La seconda parte specifica che i requisiti richiesti al progettista (e
quindi all'impresa oppure ai progettisti indicati o associati) sono
quelli richiesti dalla normativa in materia di gare di progettazione che
non puo' che essere posta in relazione al titolo IV del decreto del
Presidente della Repubblica n. 554/1999. Il combinato disposto dell'art.
18, comma 7, del decreto del Presidente della Repubblica n. 34/2000 e
dell'art. 19, comma 1-ter, della legge n. 109/1994 e successive
modifiche, danno fondamento all'interpretazione secondo cui il
legislatore della legge n. 166/2002 ha configurato l'appalto integrato
coma appalto misto di lavori e progettazione, con conseguente necessita'
di tenere conto anche della disciplina relativa agli affidamenti dei
servizi di natura tecnica e, pertanto, non il derivato effetto di dover
ritenere che la qualificazione di progettazione e costruzione non sia
sufficiente per partecipare alle relative gare.

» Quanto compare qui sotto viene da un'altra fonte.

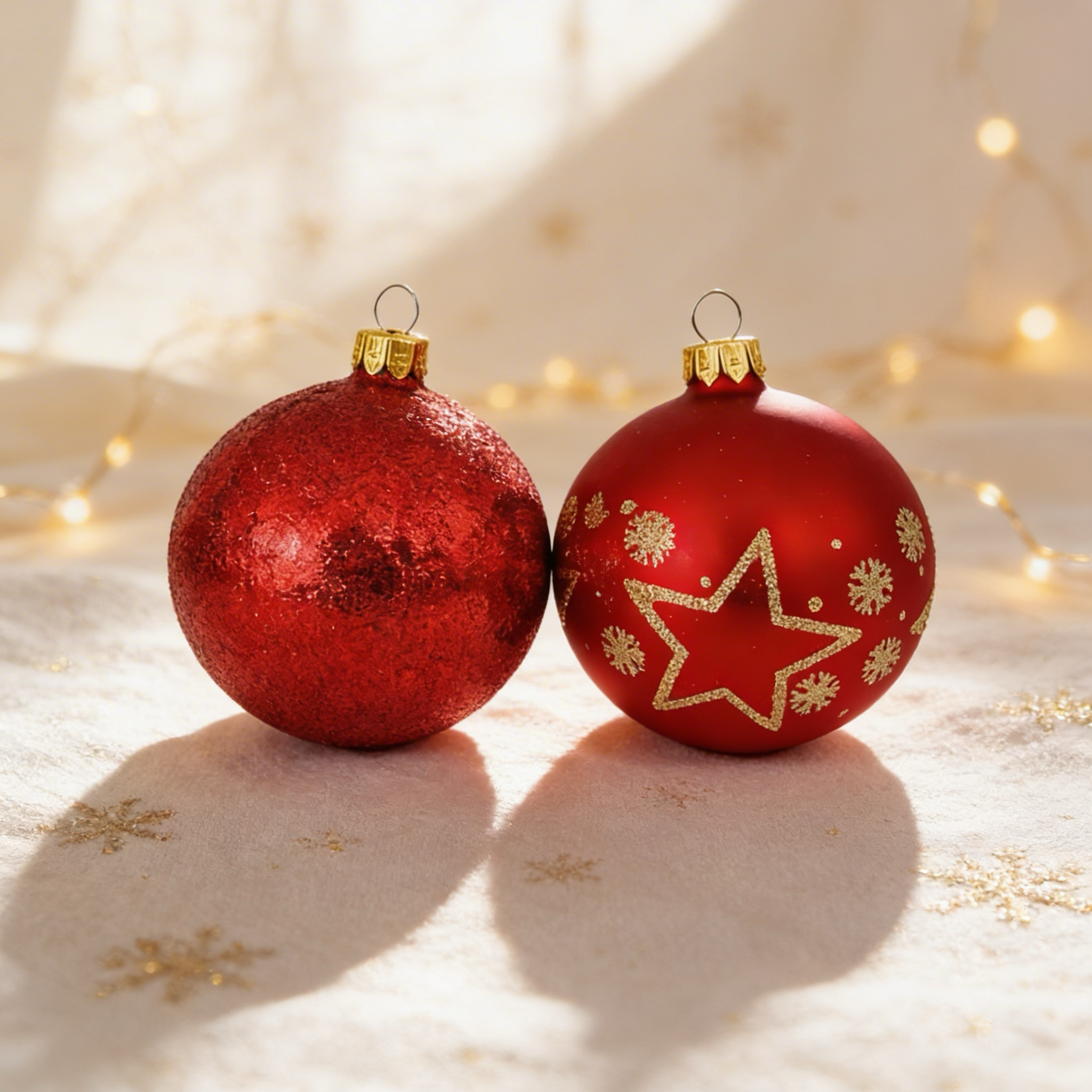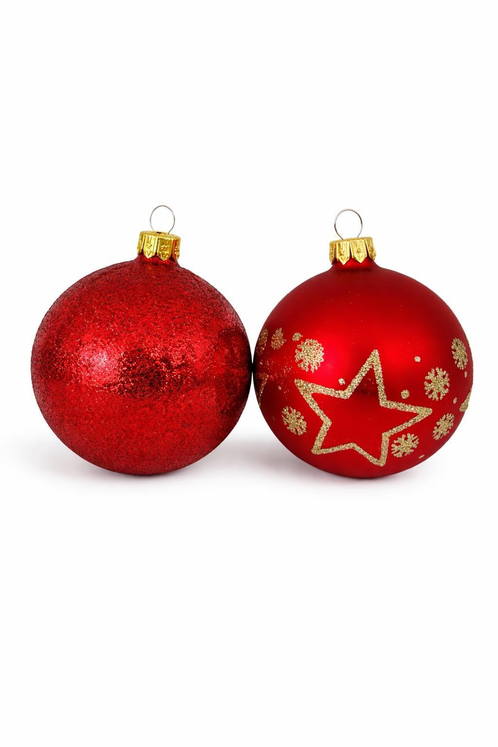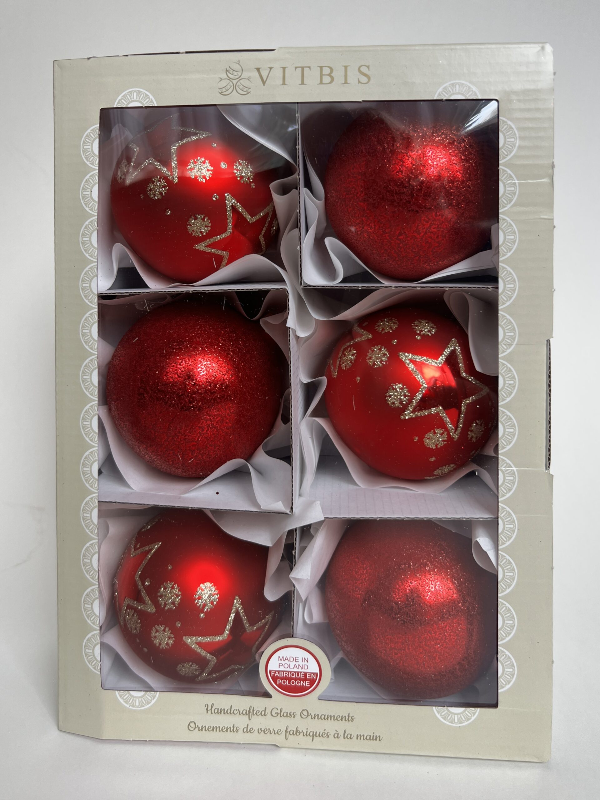 Zestaw składa się z 3 bombek czerwonych brokatowych oraz 3 bombek czerwonych matowych ze wzorem.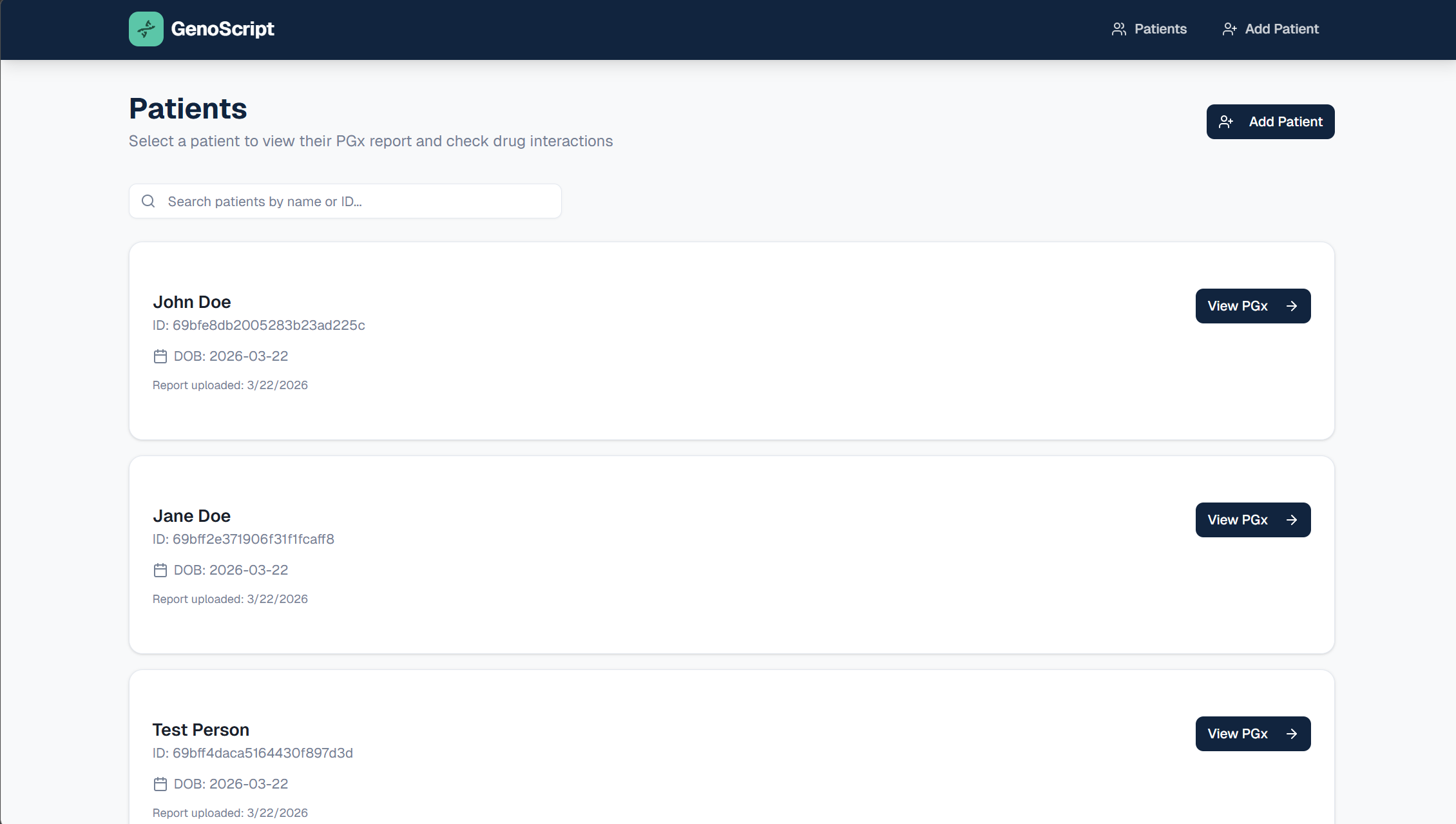 - MongoDB for storing patient data and PGx results

Il legislatore ha ritenuto, nondimeno, che tale qualificazione consente
alle imprese di dimostrare il possesso dei requisiti progettuali previsti
dal bando, in conformita' a quanto richiesto dalla normativa in materia
di gare di progettazione, anche attraverso l'attivita' di progettazione
svolta dal proprio organico.
Il che, peraltro, risponde al principio della par condicio; solo in tal
modo, infatti, i requisiti di partecipazione alla gara non sono diversi
fra l'impresa in possesso di qualificazione di progettazione e
costruzione e l'associazione costituita da una impresa in possesso di
qualificazione di sola costruzione e da un progettista.
Determinante e' la constatazione che la proposta interpretazione
risponde, inoltre, alla necessita' di essere sicuri che la progettazione
esecutiva sara' svolta da soggetti in possesso di adeguate capacita'
progettuali. Qualora l'importo della progettazione esecutiva previsto nel
bando di gara sia, invece, pari o inferiore a euro 100.000 - stante che
la normativa in materia di gare di progettazione non prevede per tale
caso specifici requisiti - la qualificazione di progettazione e
costruzione e' condizione necessaria e sufficiente per partecipare alla
gara. Le esposte considerazioni, sorreggono la conferma dell'avviso gia'
espresso nella determinazione n. 27/2002 e cioe' che:
a) le attestazioni di qualificazione, in assenza delle disposizioni
regolamentari in ordine alla prevista verifica triennale delle stesse,
hanno una durata pari a tre anni;
b) il divieto di subappalto riguarda le lavorazioni appartenenti alle
categoria di opere generali ed alle categorie di cui all'art. 72, comma
4, del decreto del Presidente della Repubblica n. 554/1999 (OS2, OS3,
OS4, OS5, OS11, OS13, OS14, OS16, OS17, OS18, OS19, OS20, OS21, OS22,
OS27, OS28, OS29, OS30, OS33, OG11, OG12);
c) il divieto di subappalto si applica qualora l'importo delle
lavorazioni, singolarmente considerato, superi il 15% dell'importo
complessivo dell'intervento;
d) le imprese in possesso di qualificazione per progettazione e
costruzione possono partecipare alle gare per l'appalto integrato senza
indicare o associare progettisti qualora siano in possesso dei requisiti
previsti dal bando in conformita' a quanto richiesto dalla normativa in
materia di gare di progettazione di cui al titolo IV del decreto del
Presidente della Repubblica n. 554/1999;
e) e' opportuno specificare - al fine di rendere edotti i concorrenti
delle specifiche regole previste nei bandi di gara che costituiscono la
lex specialis della stessa - quali lavorazioni siano subappaltabili e
scorporabili e quali siano soltanto scorporabili; quali ulteriori
requisiti debbano possedere le imprese in possesso dell'attestazione di
progettazione e costruzione per partecipare alla gara nel caso questa sia
relativa ad un appalto integrato, nonche' che la partecipazione alla gara
che prevede come categoria prevalente o scorporabile una o piu' delle
categorie OS3, OS5, OS28 e OS30 e' consentita anche alle imprese in
possesso di adeguata qualificazione in OG11.